● **Data**:
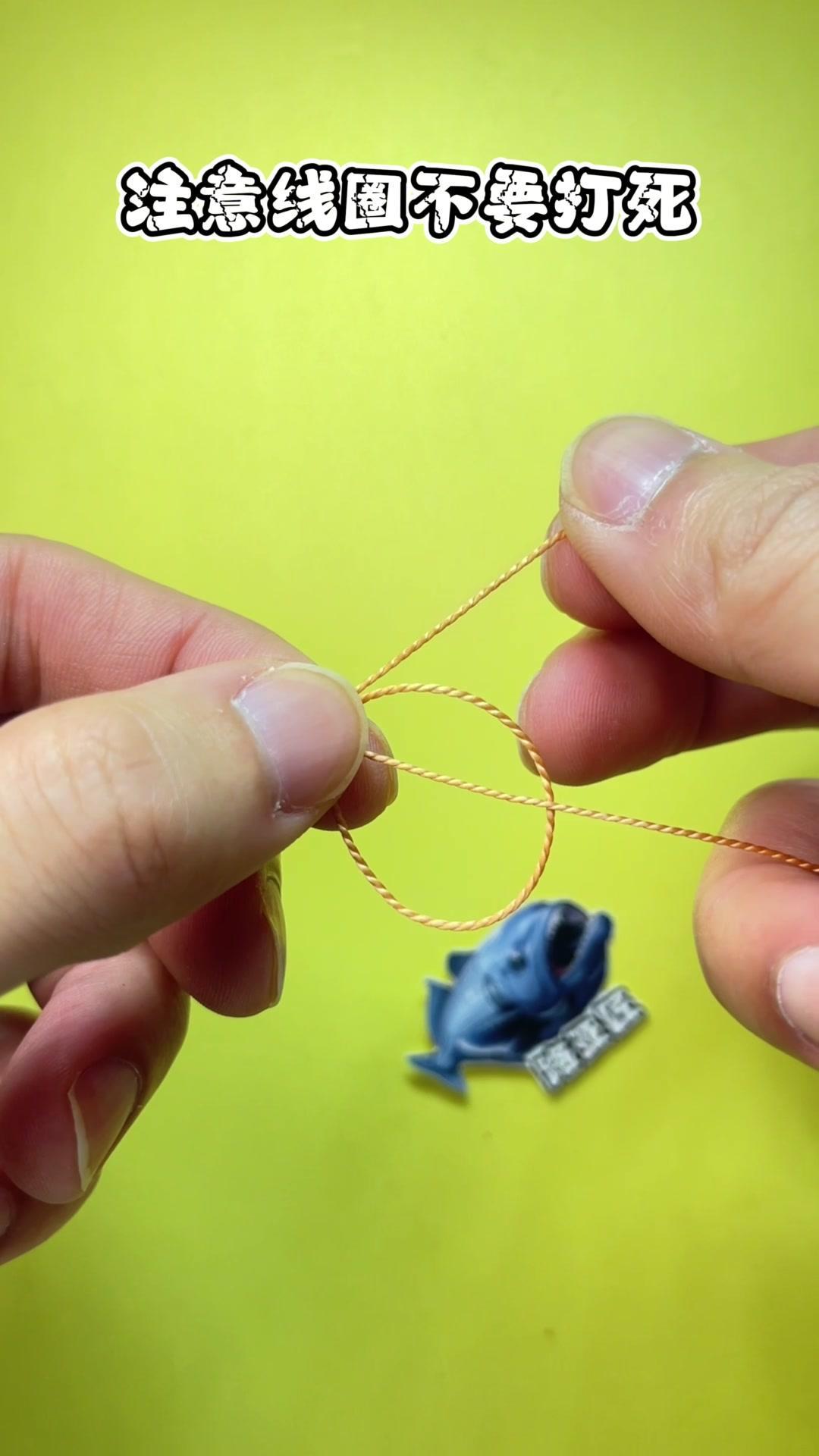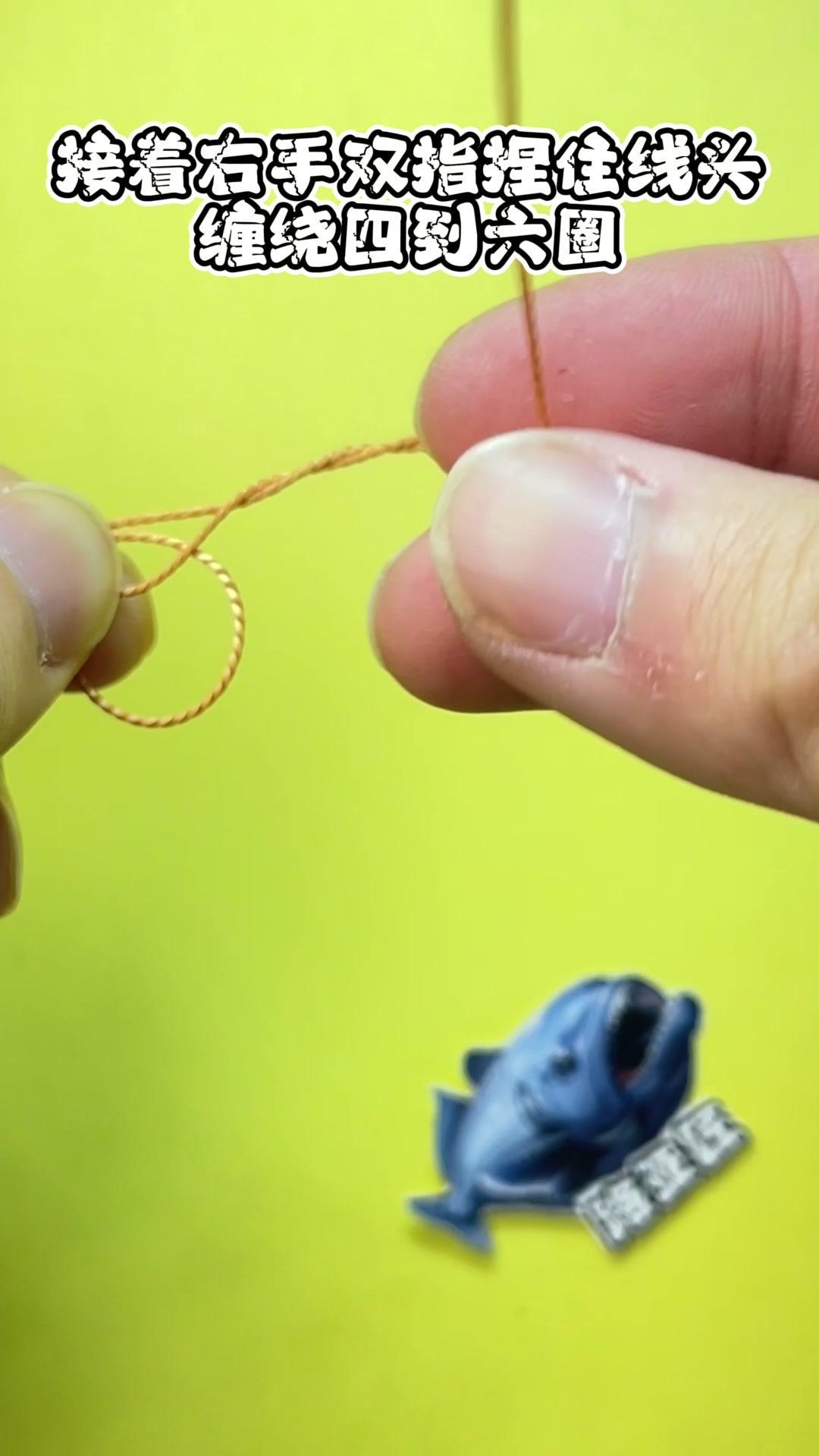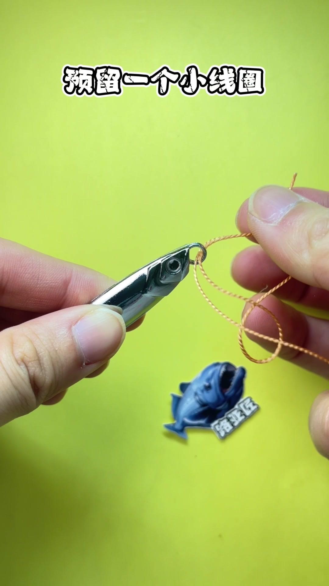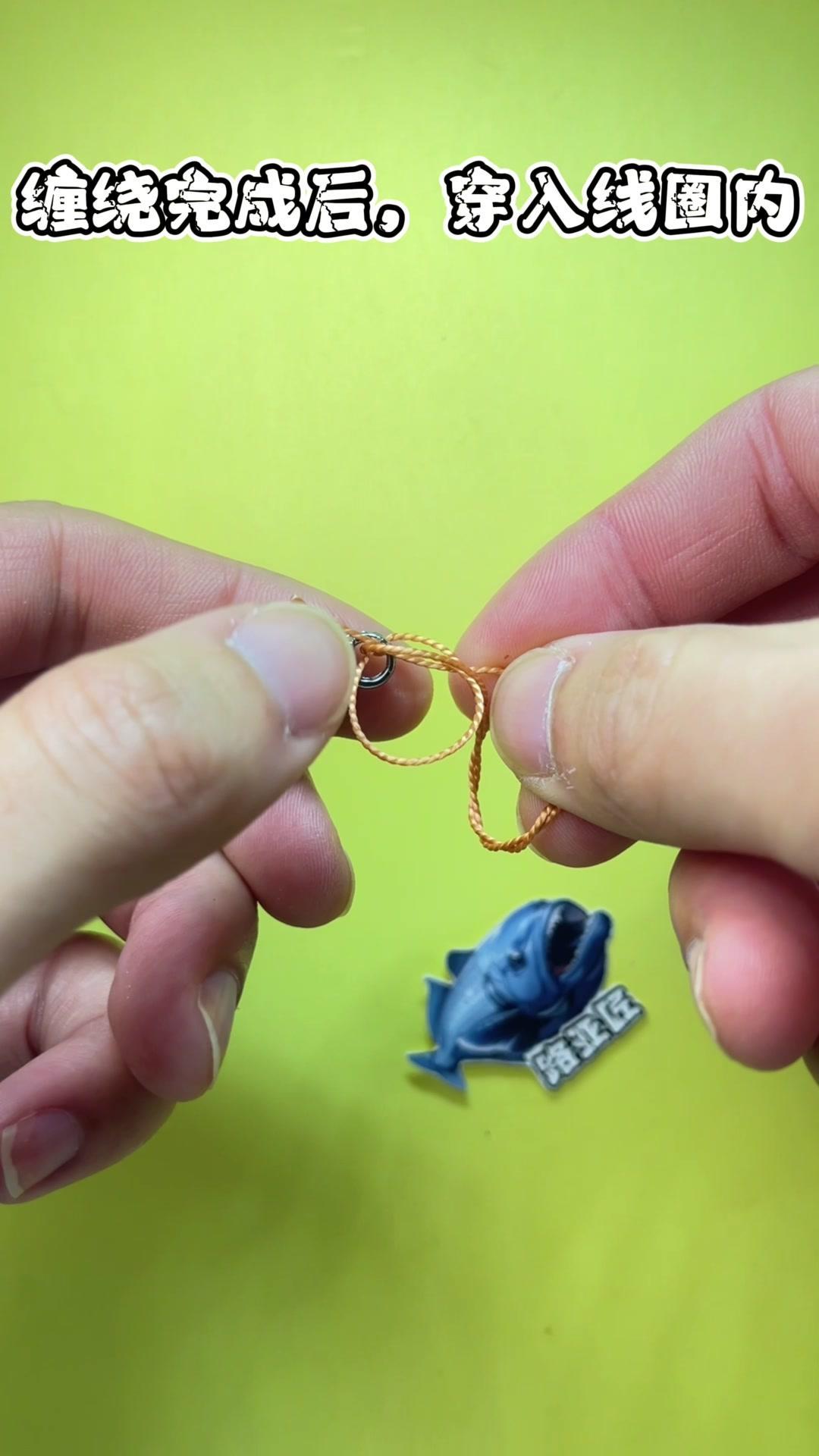 1️⃣将鱼线两次穿入铁板,预留一个小线圈,注意线圈不要打死。 2️⃣右手双指捏住线头,缠绕4-6圈。 3️⃣缠绕完成后穿入线圈内,慢慢收紧即可。 你学会了吗?
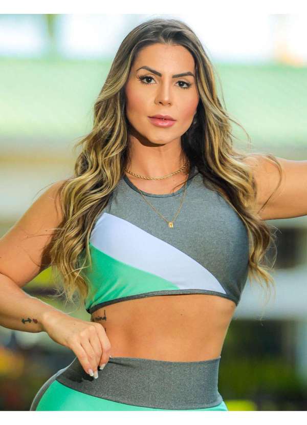 Fitmoda - Cropped Fitness sem Bojo com Decote Vazado nas Costas Cinza
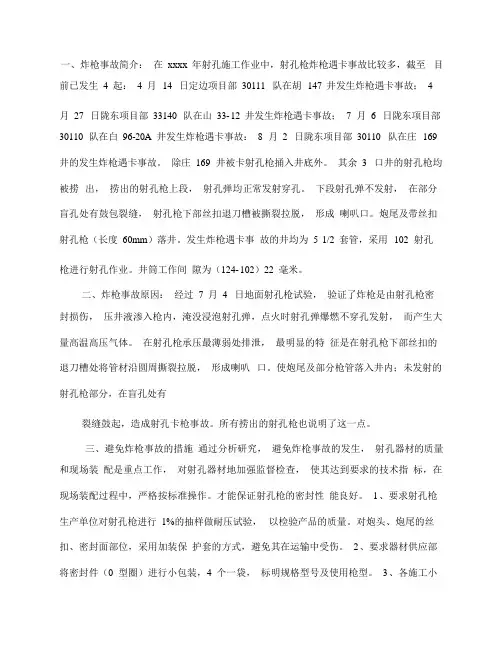一、炸枪事故简介: 在 xxxx 年射孔施工作业中,射孔枪炸枪遇卡事故比较多,截至 目前已发生 4 起: 4 月 14 日定边项目部 30111 队在胡 147 井发生炸枪遇卡事故; 4 月 27 日陇东项目部 33140 队在山 33-12 井发生炸枪遇卡事故; 7 月 6 日陇东项目部 30110 队在白 96-20A 井发生炸枪遇卡事故: 8 月 2 日陇东 项目部 30110 队在庄 169 井的发生炸枪遇卡事故。

● **Exercise**: When copying, output the data exactly and leave out the pictures.

● **Answer space**:
 1️⃣将鱼线两次穿入铁板,预留一个小线圈,注意线圈不要打死。 2️⃣右手双指捏住线头,缠绕4-6圈。 3️⃣缠绕完成后穿入线圈内,慢慢收紧即可。 你学会了吗?
 Fitmoda - Cropped Fitness sem Bojo com Decote Vazado nas Costas Cinza
一、炸枪事故简介: 在 xxxx 年射孔施工作业中,射孔枪炸枪遇卡事故比较多,截至 目前已发生 4 起: 4 月 14 日定边项目部 30111 队在胡 147 井发生炸枪遇卡事故; 4 月 27 日陇东项目部 33140 队在山 33-12 井发生炸枪遇卡事故; 7 月 6 日陇东项目部 30110 队在白 96-20A 井发生炸枪遇卡事故: 8 月 2 日陇东 项目部 30110 队在庄 169 井的发生炸枪遇卡事故。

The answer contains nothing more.